In the early portion of our four-player game of Æther, there were not as many creatures, so those of us who were fortunate to play big creatures early put the beatdown on lightly defended opponents. The table soon evened out, and there were few profitable attacks, so the game devolved into a slightly advanced version of Uno, with skip-a-player cards, reverses, draw-two cards, etc. Occasionally a card would have an effect that would return a card to a player's hand, which had the double benefit of removing a defender, and slowing that player from emptying her hand. You might also steal a creature from somebody. However, attacking was still not viable in the middle-to-late game, even with these effects because there were so many creatures. If you attacked with your army, it left you open to counter attack from the other players. It seemed equally fruitless to attack with only a couple dudes, because of the defender's advantage — deciding which monsters block which, and who gangs up on whom.

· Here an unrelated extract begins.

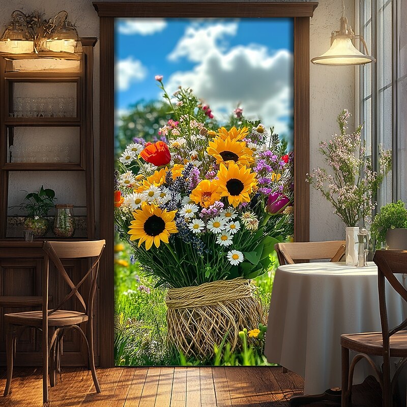 Why Choose Landscape Door Decorations Door Covers Bunch of Flowers Door Tapestry Door Curtain Decoration Backdrop Indoor/Outdoor Door Banner for Front Door Farmhouse?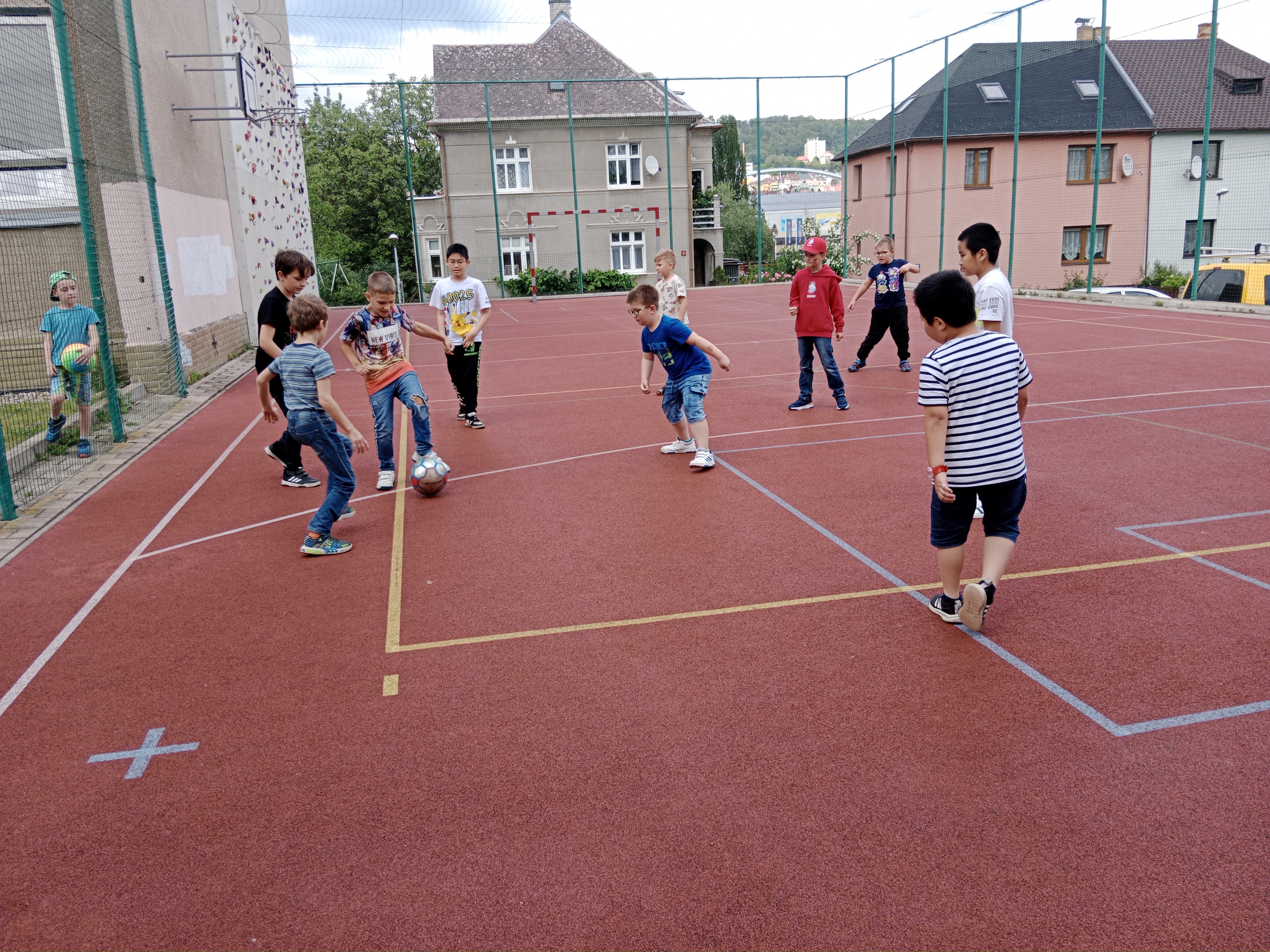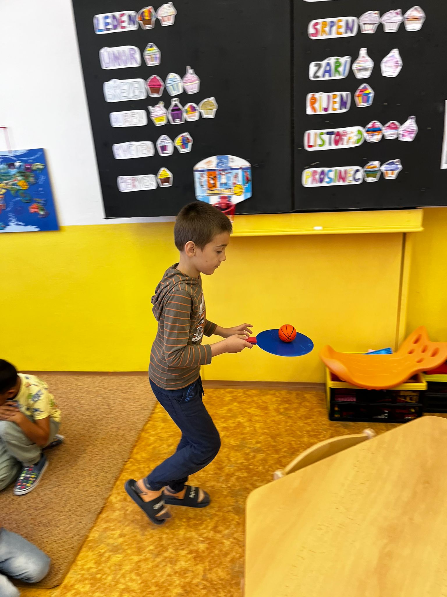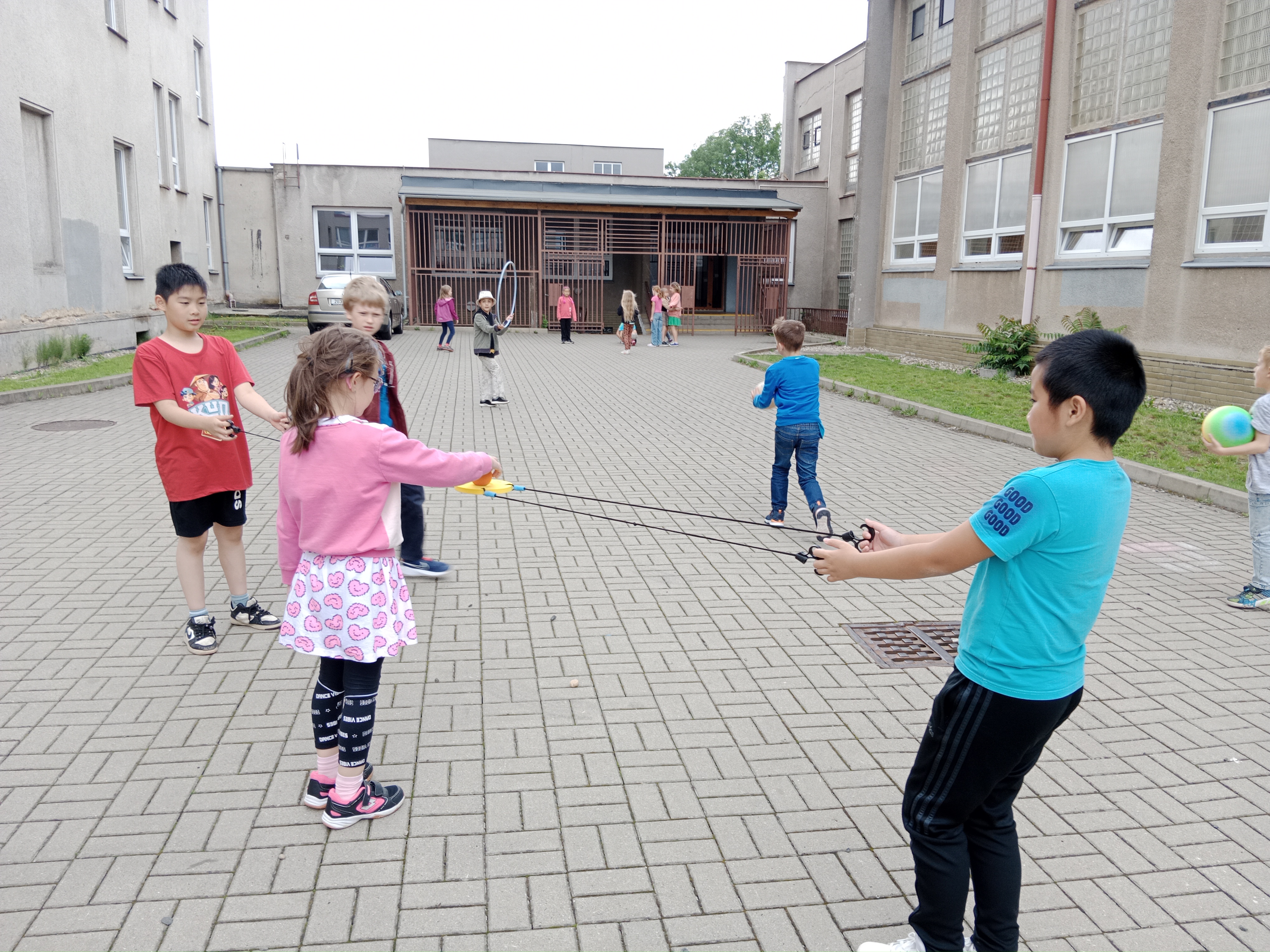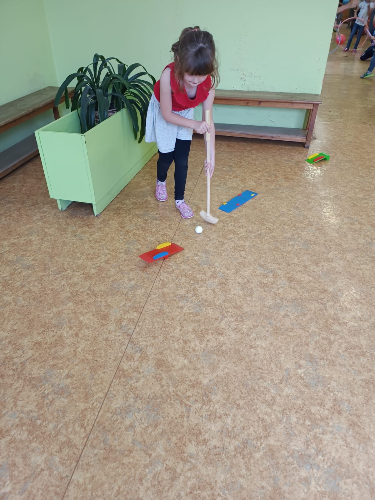 Děti si užívaly oslavy také venku, kde měly na výběr plno možností vyžití, například kopaná, chůze po kladině, na chůdách, hra Golf, kuželky, naše další sportovní vybavení, také tanec a zpěv při hudbě.

The stagnation might have been less restrictive, were there were more combat tricks. If I could play a card from my hand, at any time (provided it met the Uno restriction), to affect creatures, then I may have considered sending a lone creature to infiltrate an opponent. At least I could bluff.

At the end of the game, our strategy was to look at the player's hand with the fewest cards in it. Remember which were played, and convince the rest of the table not to play cards of a certain quality, so that player could not empty her hand. This situation is ironic because the Æther designers wanted to eliminate a part of Magic that prevented players from playing cards, but they found a new way to foster inactivity.

My criticism is admittedly harsh, but Æther has potential to develop in a number of different directions, given its resources. The state of the game was very young when I played. The game designers only had one piece of original artwork, (I thought it looked pretty good), and had cut each card from stock, by hand. Along with the unique card templates, that's a lot of hard work. I know this from experience. The best thing for the Æther designers to do now is to continue development at events like these.

Recap of the UnPub Mini event in West Chester, PA, from May 19, 2012.